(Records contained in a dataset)
━━━━━━━━━━━━━━━━━━━━━━━━━━━━━━

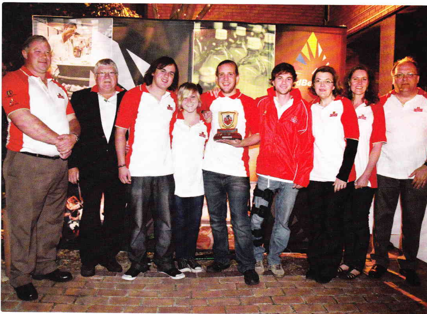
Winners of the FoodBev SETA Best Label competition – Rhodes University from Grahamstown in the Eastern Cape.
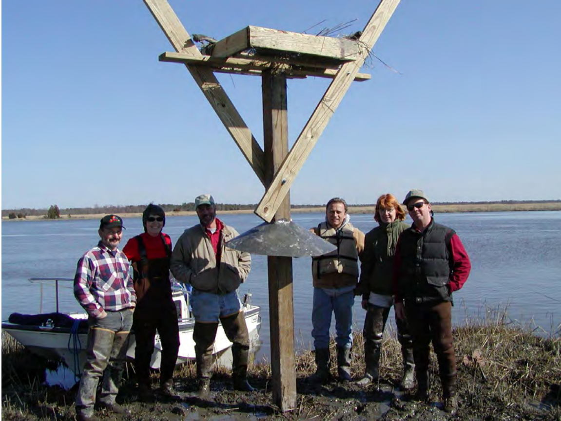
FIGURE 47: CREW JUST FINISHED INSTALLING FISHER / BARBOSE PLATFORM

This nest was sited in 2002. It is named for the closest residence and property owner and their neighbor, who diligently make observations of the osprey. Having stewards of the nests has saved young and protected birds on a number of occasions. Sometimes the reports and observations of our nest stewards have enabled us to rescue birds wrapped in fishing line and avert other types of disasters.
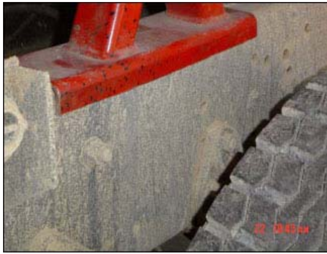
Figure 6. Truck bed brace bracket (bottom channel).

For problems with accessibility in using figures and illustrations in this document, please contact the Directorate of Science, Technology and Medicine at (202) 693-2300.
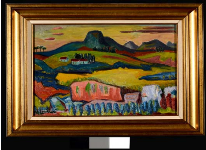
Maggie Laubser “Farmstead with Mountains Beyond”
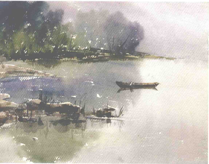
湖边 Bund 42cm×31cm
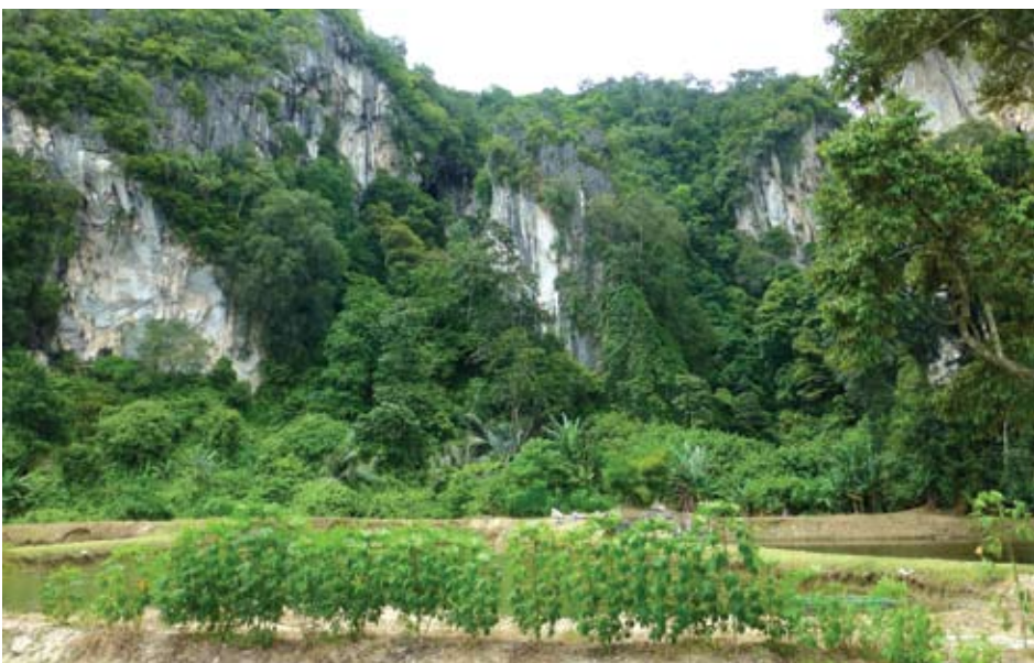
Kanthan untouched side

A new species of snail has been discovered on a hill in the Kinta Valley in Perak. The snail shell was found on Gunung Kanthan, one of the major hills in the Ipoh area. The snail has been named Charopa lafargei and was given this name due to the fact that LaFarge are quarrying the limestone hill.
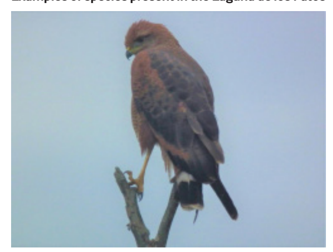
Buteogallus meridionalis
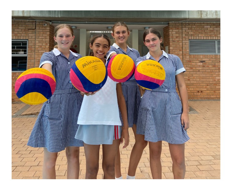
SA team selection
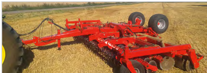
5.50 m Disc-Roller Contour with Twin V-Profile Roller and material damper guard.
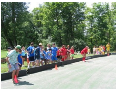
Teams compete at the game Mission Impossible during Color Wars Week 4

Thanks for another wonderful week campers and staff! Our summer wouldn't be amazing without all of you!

━━━━━━━━━━━━━━━━━━━━━━━━━━━━━━

*Your objective*
The copy should hold exactly the lines from the line containing "Figure 6. Truck" through the last line of the records, both included, and no pictures or other lines.

*Expected answer*
Figure 6. Truck bed brace bracket (bottom channel).

For problems with accessibility in using figures and illustrations in this document, please contact the Directorate of Science, Technology and Medicine at (202) 693-2300.
Maggie Laubser “Farmstead with Mountains Beyond”
湖边 Bund 42cm×31cm
Kanthan untouched side

A new species of snail has been discovered on a hill in the Kinta Valley in Perak. The snail shell was found on Gunung Kanthan, one of the major hills in the Ipoh area. The snail has been named Charopa lafargei and was given this name due to the fact that LaFarge are quarrying the limestone hill.
Buteogallus meridionalis
SA team selection
5.50 m Disc-Roller Contour with Twin V-Profile Roller and material damper guard.
Teams compete at the game Mission Impossible during Color Wars Week 4

Thanks for another wonderful week campers and staff! Our summer wouldn't be amazing without all of you!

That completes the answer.